最凶レディース総長、最弱いじめら れっ子令嬢に転生~アンタの無念はアタシが晴らす!~
林 真帆
プロローグ
――一九XX年、K県某所。
この日、K県最強レディースを決めるべく、二つのチームが集結していた。
夜叉姫 VS 暗黒女帝
今、戦いの幕が切って落とされた。
『夜叉姫』の初代総長姫乃樹アリスは、その容姿の美しさもさることながら、情け容赦ない暴れっぷりで喧嘩無敗を誇り、『最凶』の名を欲しいままにしていた。
喧嘩に強いだけではなく、仲間思いであるアリスは、多くの不良少女たちの憧れで、まさにカリスマ的存在であった。

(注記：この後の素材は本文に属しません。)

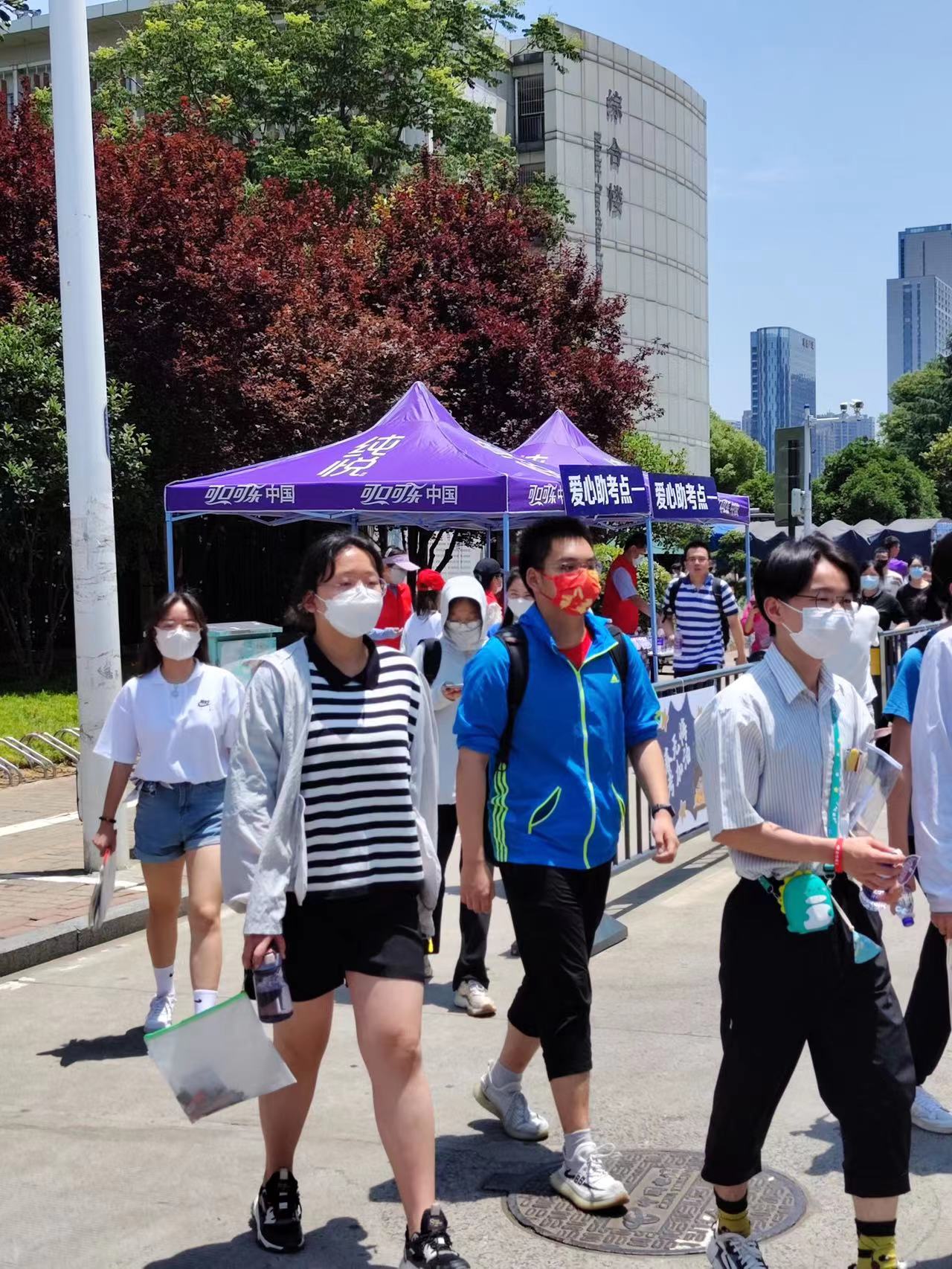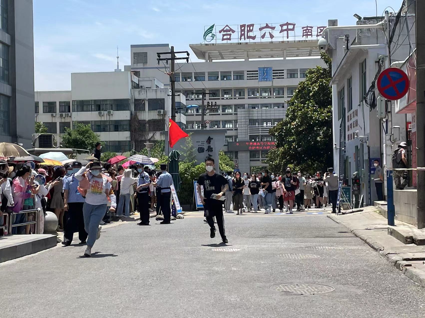 上午语文考试结束,合肥五十中天鹅湖校区考点的考生陆续走出考场。

最近、チームに入ったミコも、そんな不良少女の一人だ。チーム内で一番年下ということもあり、アリスはミコのことを特別気にかけていた。
そんなミコを背後から狙う者がいた。
「ミコ、危ない!」
アリスはとっさにミコを突き飛ばした。その瞬間、ミコに振り下ろされるはずだった警棒が、アリスを直撃し、アリスはその場に倒れ込んだ。
「総長!」
ミコの声が遠くで聞こえる……アリスはそのまま気を失った。
アリスは夢の中にいた。
夢の中でアリスは、一人の少女に出会った。
しかし、アリスは、その少女に見覚えはなかった。
少女がどんどんアリスに近づいてきて、とうとうアリスの目の前にたどり着いた。
アリスは少女に話しかけようとして、言葉を引っ込めた。少女は見た目から察するに、日本人ではない。だから日本語で話しかけても通じそうにない。

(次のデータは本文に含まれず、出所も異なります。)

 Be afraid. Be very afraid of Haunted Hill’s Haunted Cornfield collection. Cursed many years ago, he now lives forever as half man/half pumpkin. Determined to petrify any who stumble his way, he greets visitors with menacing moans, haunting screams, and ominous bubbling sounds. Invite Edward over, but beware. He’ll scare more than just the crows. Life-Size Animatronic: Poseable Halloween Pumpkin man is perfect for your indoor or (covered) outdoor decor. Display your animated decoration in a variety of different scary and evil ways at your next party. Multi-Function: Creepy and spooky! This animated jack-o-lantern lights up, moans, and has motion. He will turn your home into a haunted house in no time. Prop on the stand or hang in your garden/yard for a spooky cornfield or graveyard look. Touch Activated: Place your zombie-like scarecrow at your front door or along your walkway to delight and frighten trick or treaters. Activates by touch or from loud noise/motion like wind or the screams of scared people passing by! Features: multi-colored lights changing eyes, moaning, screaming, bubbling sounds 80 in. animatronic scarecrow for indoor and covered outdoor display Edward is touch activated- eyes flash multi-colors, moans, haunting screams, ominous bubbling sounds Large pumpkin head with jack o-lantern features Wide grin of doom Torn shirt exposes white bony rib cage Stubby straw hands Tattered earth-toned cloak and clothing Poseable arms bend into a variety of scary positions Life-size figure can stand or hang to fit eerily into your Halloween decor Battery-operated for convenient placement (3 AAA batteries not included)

アリスがどうしていいかわからず戸惑っていると、少女がアリスの手を握りしめてきた。
するとどうだろう……アリスの中に少女の記憶や思いが大量に流れ込んできた。
「アンタ……酷い目に遭ってきたんだね。アンタの無念はアタシが晴らしてやるよ」
アリスがそう呟くと、少女は、アリスの中に吸い込まれるようにして消えた。
アリスは、ベッドの中で目を覚ました。
すると、駆け寄って来る少女が一人。
「ミコ!」
アリスは少女を涙ながらに抱きしめる。
「ミコ! アンタ、無事だったんだね……」
「あの、お嬢様……?」
「何をふざけて……え?」
アリスがミコだと思って抱きしめていたのは、全くの別人であった。
確かに見た目というか雰囲気は、どことなくミコに似ている。しかし、髪の色や目の色は異なっていた。
「うっ……」
「お嬢様! どうされました?」
急な頭痛がアリスを襲った。アリスの頭の中で、夢の中での出来事が高速で再生されていた。
「鏡、鏡はどこ?」
「お嬢様、ここに」
差し出された鏡を見て、アリスは驚いた。
鏡の中にいたのは、夢の中で出会った少女であった。